This is a serious bug. We now have a copied buffer overwriting the backup file for its parent buffer.

require "./buffer"

class Buffer
  # ...
  def initialize_copy(original)
    @contents = @contents.dup
  end
  # ...
end

b = Buffer.new
b.append("Hello, ")
b2 = b.dup
b2.contents
# => "Hello, "

b.append("World")
b2.append("Lunch")
b.append(". What's up?")

File.read(b.backup_file.path)
# => "Hello, World"
File.read(b2.backup_file.path)
# => "Hello, World"

b.backup_file
# => #<File:./backup20170517-17888-kefb5q.txt>
b2.backup_file
# => #<File:./backup20170517-17888-kefb5q.txt>

Let's take a look at where the backup_file object comes from.

This property is a little different from the contents attribute. it is lazily initialized the first time it is referenced.
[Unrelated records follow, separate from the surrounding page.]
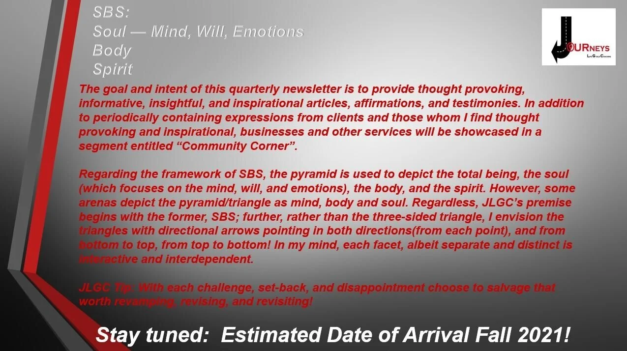 Life is a journey and you are in control of your direction and destination! Loving each moment and living life to the fullest can be a cliche or your reality. If you: have reached a fork in the road; are experiencing an unexpected change; are making a major transition (marriage, career, retirement, divorce, relocation, etc.); or are sick and tired of being sick and tired, JLGC is for you! In the athletic arena, coaches are viewed as essential components in the development and re-empowerment of major athletes. Coaches, by nature, motivate and encourage others to fulfill their potential while honing a skill and/or talent. A life coach can provide similar assistance in your personal and/or professional life. In conjunction with JLGC, you can access, reset and reach life goals previously dismissed, deferred, or dreamed.
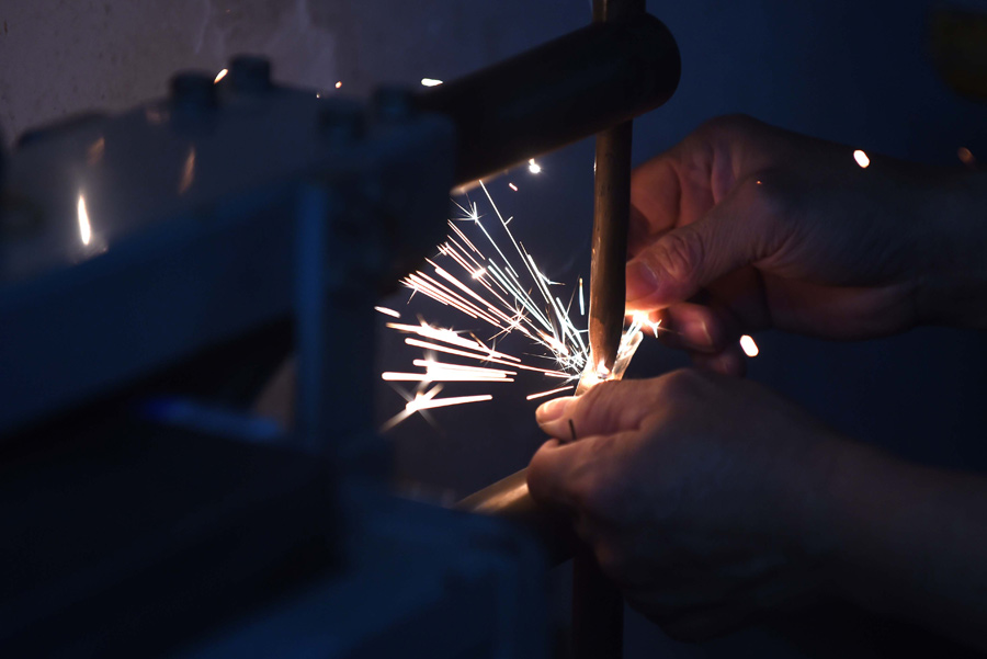 Zheng Shushan, a master of “Wushan Iron Calligraphy”, creates iron calligraphy works in his studio on June 16, 2015. (Xinhua/Xie Chen)
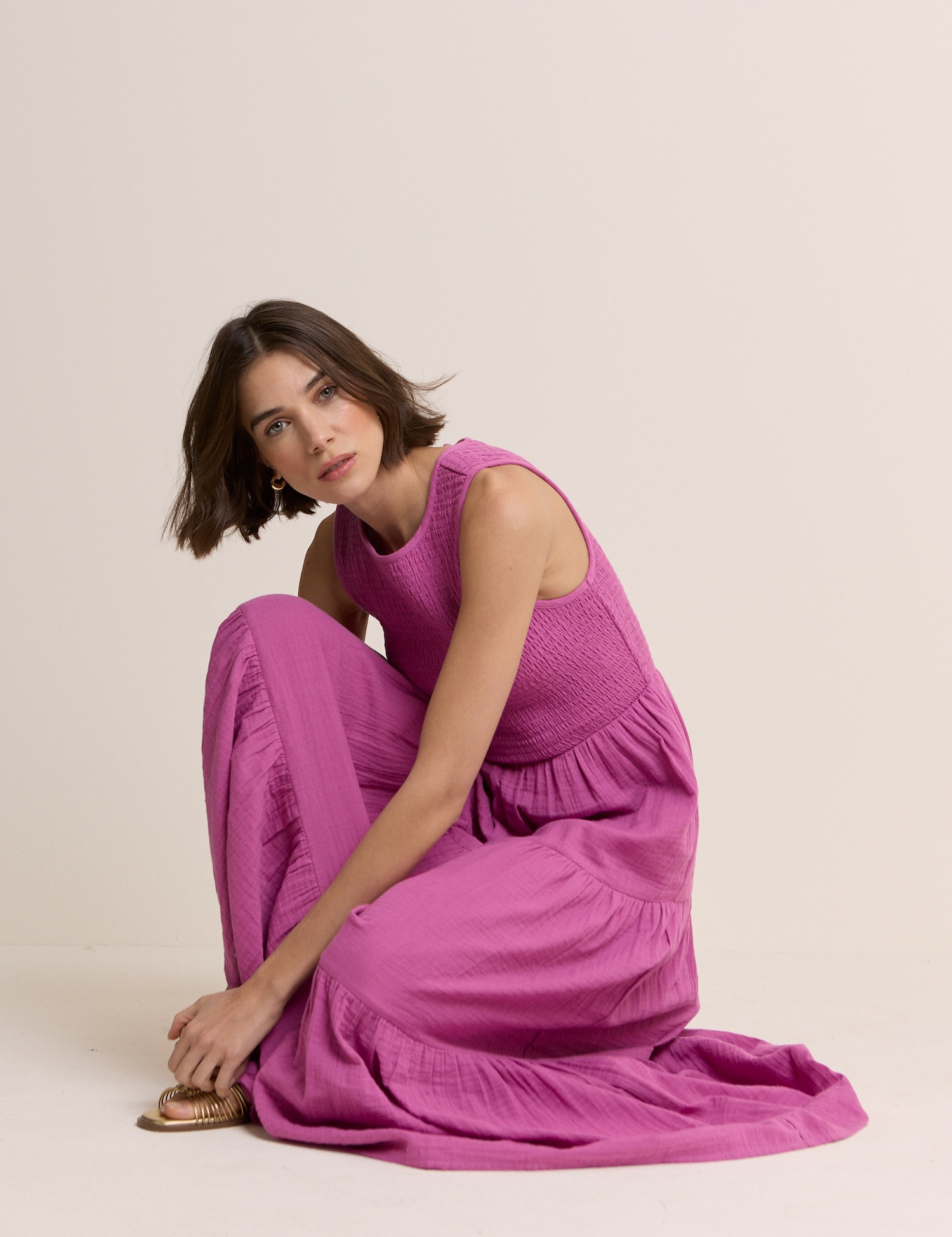 Das leichte Sommerkleid in kräftiger Farbe wirkt frisch und gepflegt. Es passt gut für den Alltag und entspannte Wochenendausflüge.

It doesn't make sense to handle this attribute the same way we handled the contents attribute. instead of making a duplicate of the @backup_file instance variable, we'll clear it by assigning a value of nil. That way the next time the backup_file method is invoked in the copied object, it will be reinitialized with a fresh new and unique temporary file object, attached to a new and unique temporary file.

Let's re-execute our example code.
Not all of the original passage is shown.